Yes, Native Speech works well, but since all Gemini features are combined in a single plugin, it would be nice to use the text-to-speech feature through the same plugin instead of using another plugin.
So, I suggest including this functionality in this plugin without having to install the Native Speech plugin, since the Native Speech plugin hasn't been updated in a long time.

did I need VPN to connect to google gemini?

I used to use gemini via VPN.
should I also contact with VPn for this addon?

@ming

Yes. If you are using a VPN to communicate with Gemini, you must also use a VPN to use this add-on. A proxy option has also been included in the settings, which requires you to have a server that forwards your requests to Gemini, eliminating the need for a VPN.

Version 2.5 Released: New Shortcuts, Stability, and a Note on Su

Hello everyone,

I am happy to announce the release of Vision Assistant Pro version 2.5!

I have tried my best to implement many of your suggestions in this update, most notably standardizing the keyboard shortcuts (switching from NVDA+Shift to NVDA+Control+Shift) to prevent conflicts with system commands and the Laptop layout.

A note regarding support and future updates: With this release, the add-on is now stable and robust, covering all the core functionalities intended for daily use. There is no immediate need for major changes.

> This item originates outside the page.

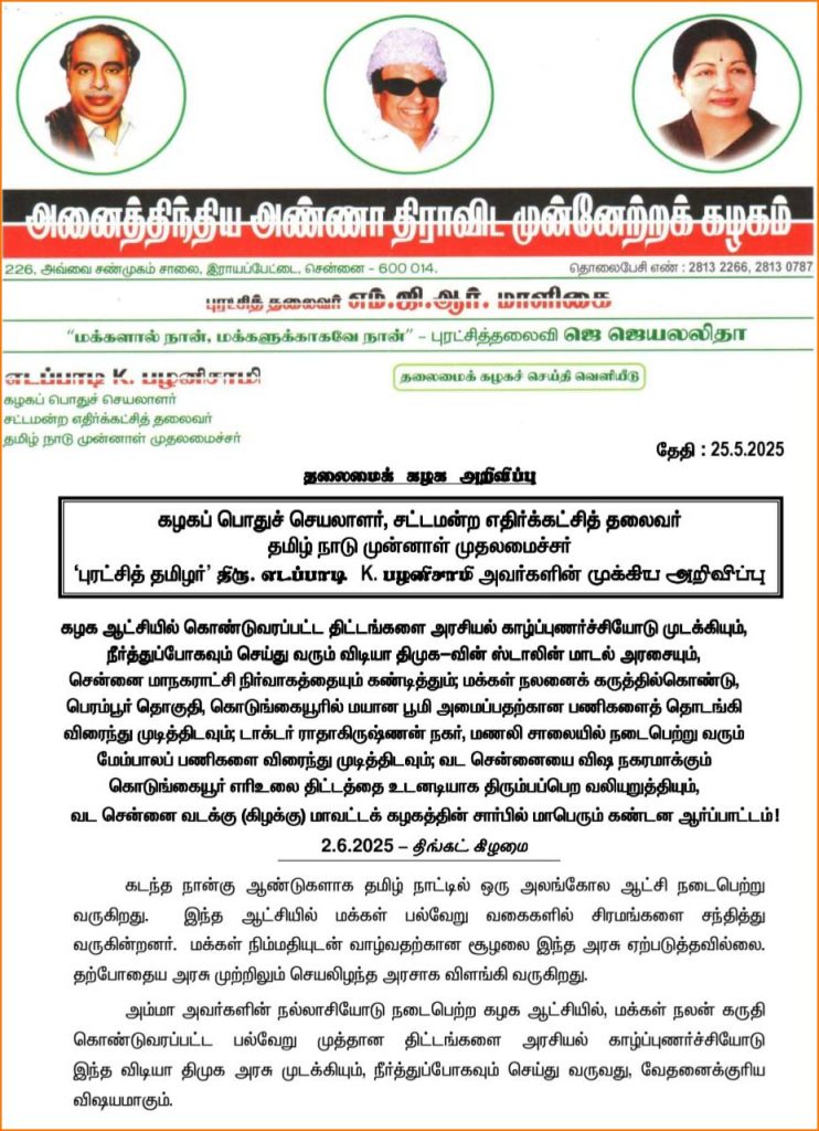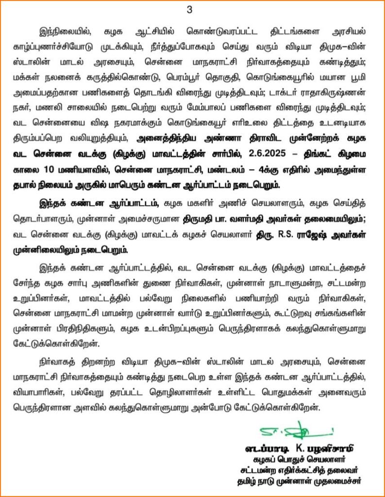 கழக ஆட்சியில் கொண்டுவரப்பட்ட திட்டங்களை அரசியல் காழ்ப்புணர்ச்சியோடு முடக்கியும், நீர்த்துப்போகவும் செய்து வரும் விடியா திமுக-வின் ஸ்டாலின் மாடல் அரசையும், சென்னை மாநகராட்சி நிர்வாகத்தையும் கண்டித்தும்; மக்கள் நலனைக் கருத்தில்கொண்டு, பெரம்பூர் தொகுதி, கொடுங்கையூரில் மயான பூமி அமைப்பதற்கான பணிகளைத் தொடங்கி விரைந்து முடித்திடவும்; டாக்டர் ராதாகிருஷ்ணன் நகர், மணலி சாலையில் நடைபெற்று வரும் மேம்பாலப் பணிகளை விரைந்து முடித்திடவும்; வட சென்னையை விஷ நகரமாக்கும் கொடுங்கையூர் எரிஉலை திட்டத்தை உடனடியாக திரும்பப்பெற வலியுறுத்தியும், வட சென்னை வடக்கு (கிழக்கு) மாவட்டக் கழகத்தின் சார்பில் மாபெரும் கண்டன ஆர்ப்பாட்டம் ஜுன் 2ந்தேதி (2.6.2025 – திங்கட் கிழமை) நடைபெறும் என அறிவிக்கப்பட்டு உள்ளது.

As a one-person team, I work on this project and address requests strictly based on my available free time. Since I cannot reply to every individual comment here on the forum, please follow these guidelines:

Bug Reports & Features: Please submit them directly on the GitHub Issues page. This ensures they are tracked and not lost in the forum threads.
Open Source: This is an open-source project. I warmly invite other developers in the community to contribute code, fix bugs, or add features.

Thank you for your understanding and your continued support!

Best regards, Mahmood

Bulgarian language

Hi, this addon is very useful and big thanks for the good work. Can you add bulgarian language for the translations, AI responses and audio transcriptions? It will allow other bulgarian blind users to use this addon on our native language.